Матушкин стоял перед ним, с винтовкой в руке с двумя немецкими, на
длинных деревянных ручках гранатами за кожаным поясом и тоже довольно и
недоуменно глядел на наводчика, на земляка своего, на сосунка. Все сразу
понял, обо всем догадался.
-- Как же ты так?-- спросил участливо он.-- Не уберегся.-- Потянулся
коричневым замусоленным пальцем к Ваниным кровавым бинтам. Осторожно
тронул тряпку на лбу.
-- Вроде цела... Голова-то,-- сочувственно мотнул он седеющим чубом.
Оглядел паренька от кроваво-тряпичной нашлепки вместо пилотки до пят.-- Жив,
жив мой сынок!-- И обнял его -- осторожно, сторонясь торчавшей вперед
перебитой руки.-- А остальные?-- спросил. -- Остальные целы?
Ваня закивал, закивал торопливо.
-- А пушка цела?
И Ваня вдруг вспомнил... Вспомнил и понял, что пушка-то... Одна там...
Без расчета пушка в кустах. Яшка только остался да два пехотных кавказца. И
целы ли, живы ли еще? А ведь можно... Нужно... Конечно же нужно стрелять!
-- Товарищ старшина!-- нетерпеливо вскричал он.-- Есть пушка! Есть!
Абсолютно целая! И снаряды к ней есть! Показать? Вон там!-- кивнул он на
дальний край каменистого склона перевязанной головой.-- Вон, в тех кустах!--
Не хотелось снова туда. Так не хотелось... Но чувства его к старшине были
сильней. И за ним сейчас он бы пошел хоть куда. Даже на смерть. И уже было
рванулся. Но вспомнил: "Ой, а Голоколосский!"-- Постойте, постойте, товарищ
старшина! Здесь инженер! Голоколосский здесь! Ранен! В воронке! --
повернулся, кивнул на нее.-- Пулей его. Насквозь.-- Ткнул перебинтованной
рукой себя в грудь.-- Плохо ему.
Моряки уходили. Обозные поскребыши пытались не отставать. И Матушкин не
сразу сообразил, что ему делать. Но тут же, видно, что-то решил.

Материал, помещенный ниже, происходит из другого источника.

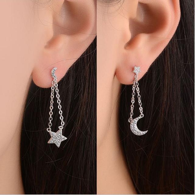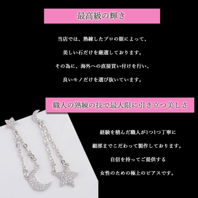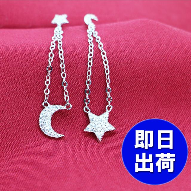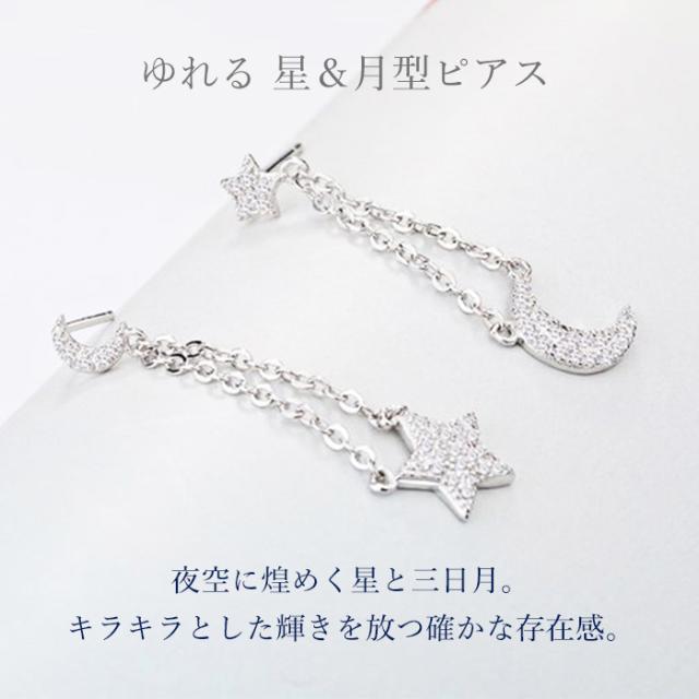 0.275カラット 揺れる 星&月 ピアス/揺れる/スター ムーン/プラチナ仕上げ/シルバー925/アシンメトリー
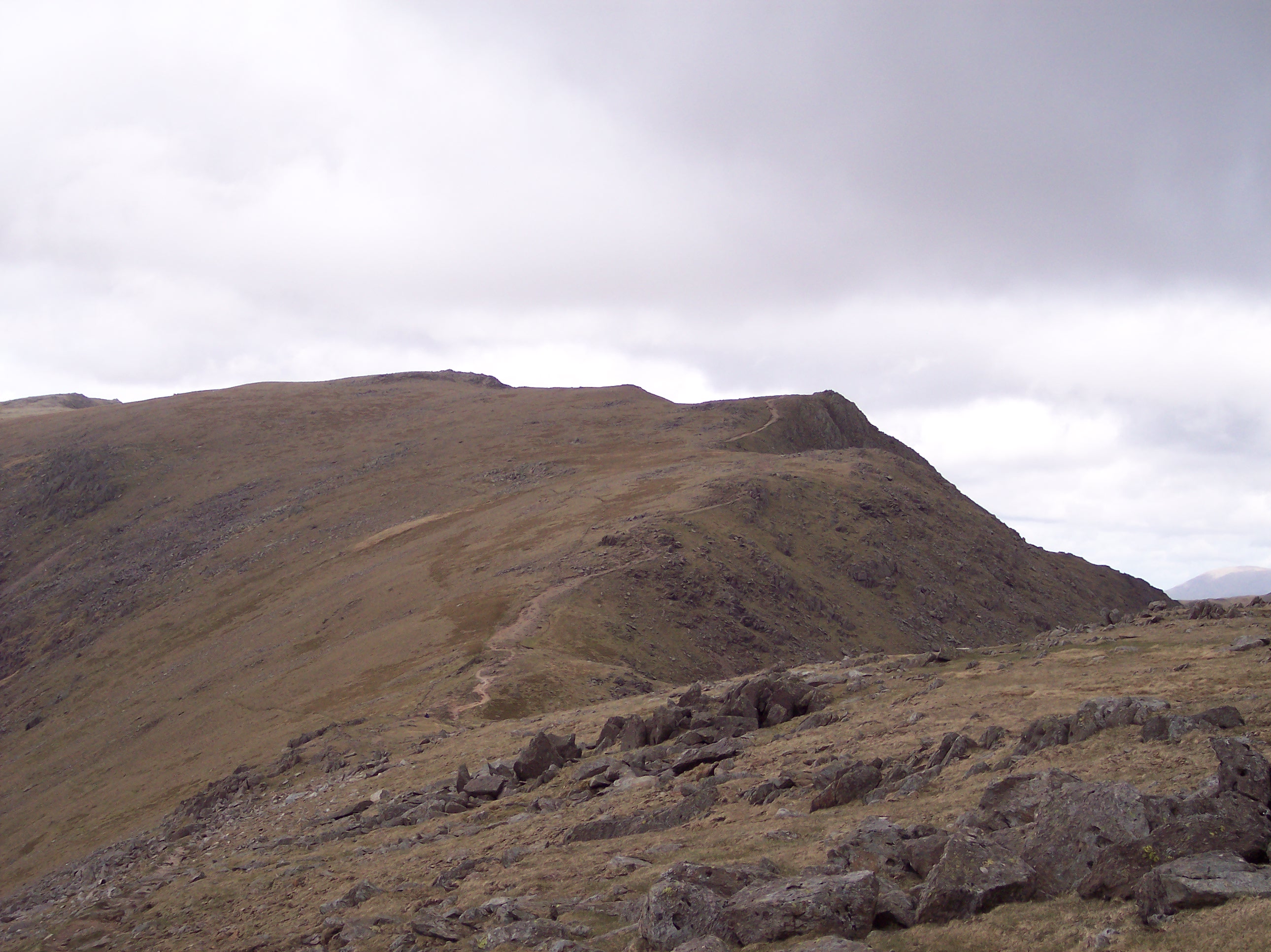 This doesn’t seem to help with motivation and I head down to Goat’s House. At the bottom I look up and am put off by the climb onto the Old Man, and without breaking my stride I simply carry on taking a slanting line across the side of Brim Fell heading away from the Old Man. As I climb, there’s a vague intention to cross over the top of Brim Fell to bag the Old Man, but my heart’s not in it. I no longer care and just want the day finished as soon as possible.
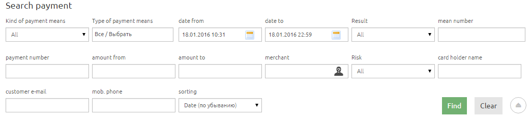 Search by this field ignores the other fields (for example, time period or type of payment means), it is performed over all transactions available to the current user.
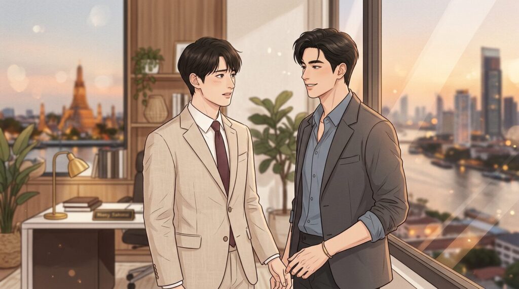 バンコクの都市風景やタイらしい食堂・街並みが随所に映し出され旅行気分も楽しめる。タイドラマ史上初の日本人主演BLという挑戦的な作品でありながら、鬼社長と新入社員という設定が生む緊張感と、距離が縮まるコミカルな展開のバランスが絶妙で、多くの視聴者を沼らせている。

-- Двое! Эй, вы! Вы, вы!-- показал он на самых задних, на хвост.-- Все,
все! Втроем! Да, да, и ты тоже... Давай, дядя, и ты! -- показал он на
морщинистого, в галошах и с шашкой.-- Пойдете со мной!-- Рупором сложил ладони
у рта.-- Полищу-у-ук!-- во весь голос, прокуренный, с хрипотцой, бросил он в
кучу уходивших за моряками солдат.-- Полищу-у-ук!
Высокий и крепкий и, пожалуй, единственный в каске и сапогах (остальные
в обмотках, в пилотках) обернулся.
-- Чего, старшой?-- спросил зычно он издали.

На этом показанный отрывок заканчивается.